**Task brief**
Starting with the line that has "黄渤在娱乐圈中的长相也不算好" in the records below and stopping after the line that has "硕士研究生党支部于9月8日下", output every line exactly and nothing else; skip pictures.

**Information shown**

■ ■ ■ ■

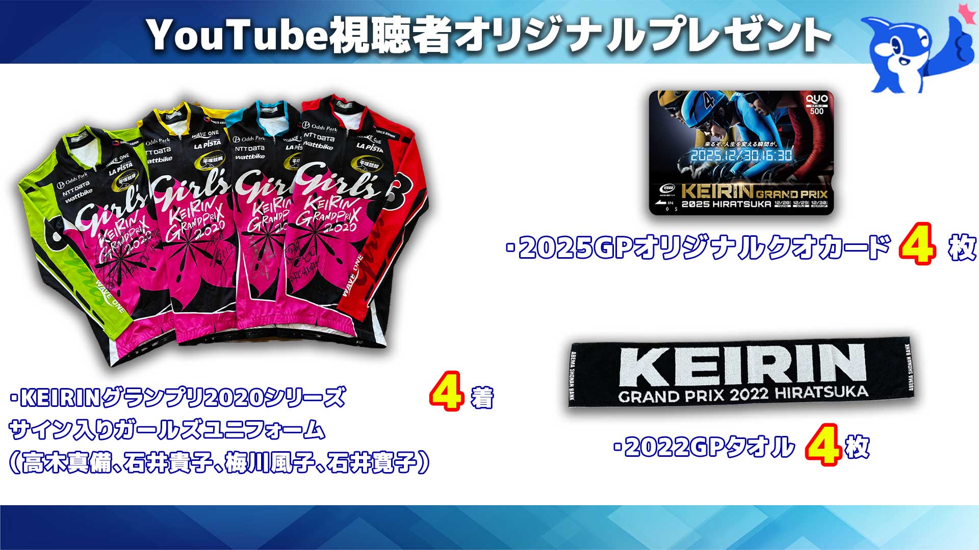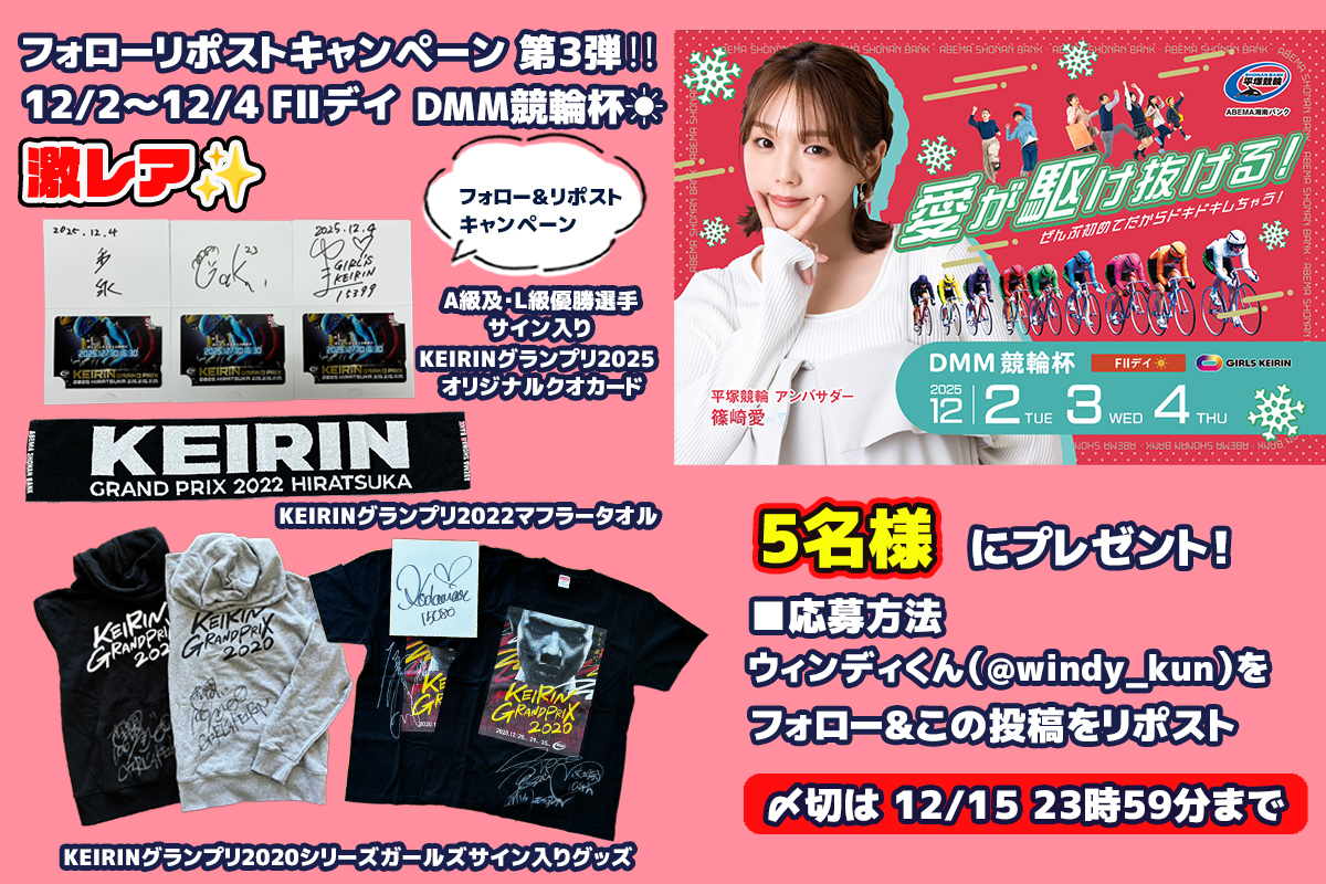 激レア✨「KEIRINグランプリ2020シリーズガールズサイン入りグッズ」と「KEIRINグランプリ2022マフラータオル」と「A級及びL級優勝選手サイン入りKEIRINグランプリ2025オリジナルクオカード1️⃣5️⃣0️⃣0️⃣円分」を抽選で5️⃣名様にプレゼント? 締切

■ ■ ■ ■

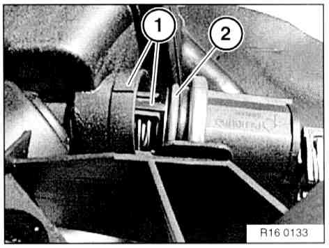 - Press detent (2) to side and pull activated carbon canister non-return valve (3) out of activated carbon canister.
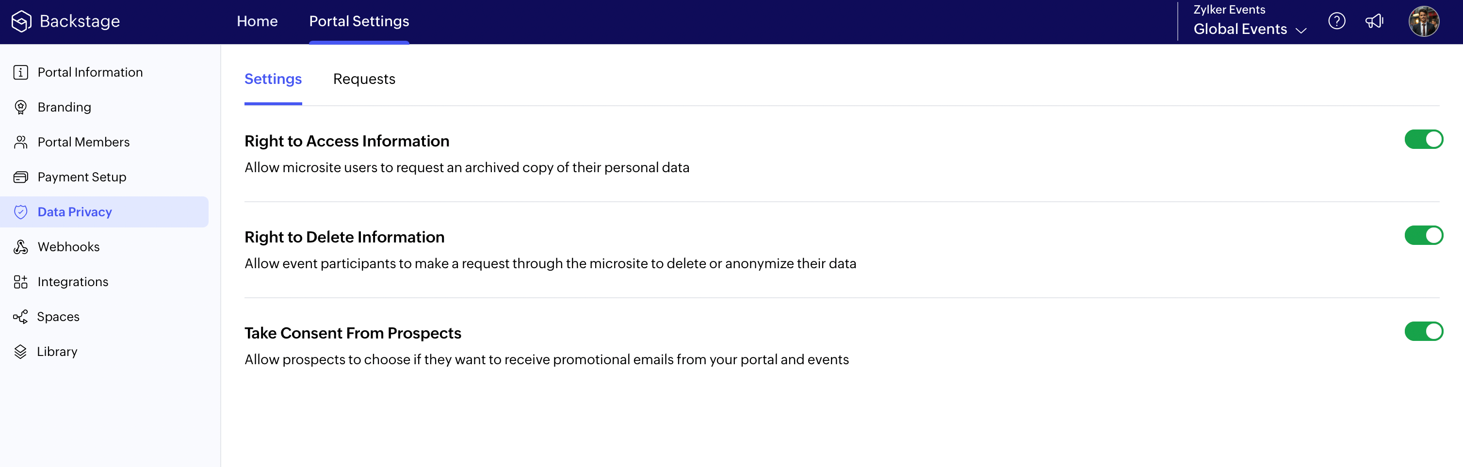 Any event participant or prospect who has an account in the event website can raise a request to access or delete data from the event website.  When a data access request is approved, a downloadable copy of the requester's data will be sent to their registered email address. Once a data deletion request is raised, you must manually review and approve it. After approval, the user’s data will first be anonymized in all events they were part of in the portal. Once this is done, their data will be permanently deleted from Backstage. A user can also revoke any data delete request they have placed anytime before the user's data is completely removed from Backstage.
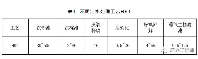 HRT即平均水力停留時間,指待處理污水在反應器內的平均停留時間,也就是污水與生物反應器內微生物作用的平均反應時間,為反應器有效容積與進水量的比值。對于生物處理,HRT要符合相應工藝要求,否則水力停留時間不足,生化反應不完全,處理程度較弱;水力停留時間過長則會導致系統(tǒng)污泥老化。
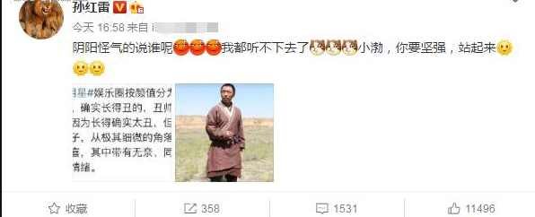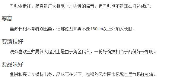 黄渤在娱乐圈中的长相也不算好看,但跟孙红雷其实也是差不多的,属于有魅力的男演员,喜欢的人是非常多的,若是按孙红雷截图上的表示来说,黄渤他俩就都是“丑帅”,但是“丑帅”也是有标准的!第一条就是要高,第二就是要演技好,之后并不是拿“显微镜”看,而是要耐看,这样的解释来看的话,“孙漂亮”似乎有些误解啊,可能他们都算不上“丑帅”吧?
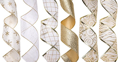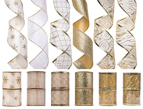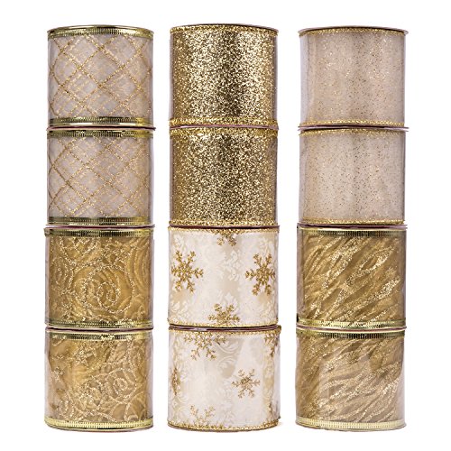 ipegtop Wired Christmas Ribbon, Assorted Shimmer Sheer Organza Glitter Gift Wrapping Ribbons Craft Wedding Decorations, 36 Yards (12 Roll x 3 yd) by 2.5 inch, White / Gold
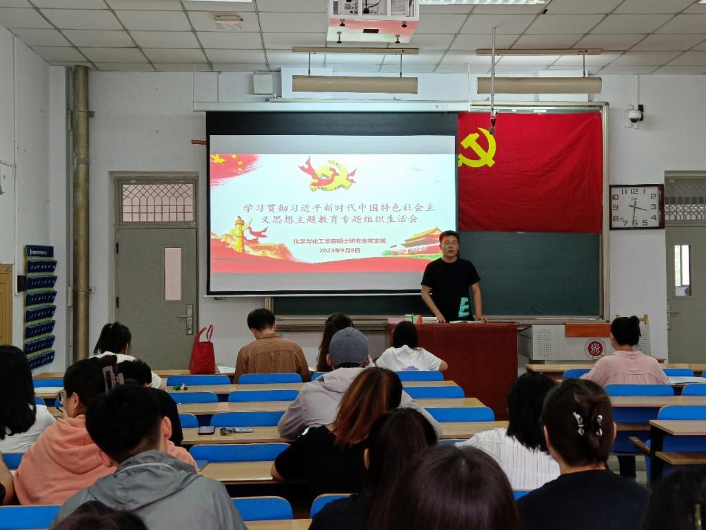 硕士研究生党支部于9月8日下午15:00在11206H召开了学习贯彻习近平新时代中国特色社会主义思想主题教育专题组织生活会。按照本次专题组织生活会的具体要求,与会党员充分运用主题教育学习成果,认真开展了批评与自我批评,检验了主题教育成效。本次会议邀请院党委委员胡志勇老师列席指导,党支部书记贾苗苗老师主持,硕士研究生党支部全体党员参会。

■ ■ ■ ■

**Written answer**
 黄渤在娱乐圈中的长相也不算好看,但跟孙红雷其实也是差不多的,属于有魅力的男演员,喜欢的人是非常多的,若是按孙红雷截图上的表示来说,黄渤他俩就都是“丑帅”,但是“丑帅”也是有标准的!第一条就是要高,第二就是要演技好,之后并不是拿“显微镜”看,而是要耐看,这样的解释来看的话,“孙漂亮”似乎有些误解啊,可能他们都算不上“丑帅”吧?
 ipegtop Wired Christmas Ribbon, Assorted Shimmer Sheer Organza Glitter Gift Wrapping Ribbons Craft Wedding Decorations, 36 Yards (12 Roll x 3 yd) by 2.5 inch, White / Gold
 硕士研究生党支部于9月8日下午15:00在11206H召开了学习贯彻习近平新时代中国特色社会主义思想主题教育专题组织生活会。按照本次专题组织生活会的具体要求,与会党员充分运用主题教育学习成果,认真开展了批评与自我批评,检验了主题教育成效。本次会议邀请院党委委员胡志勇老师列席指导,党支部书记贾苗苗老师主持,硕士研究生党支部全体党员参会。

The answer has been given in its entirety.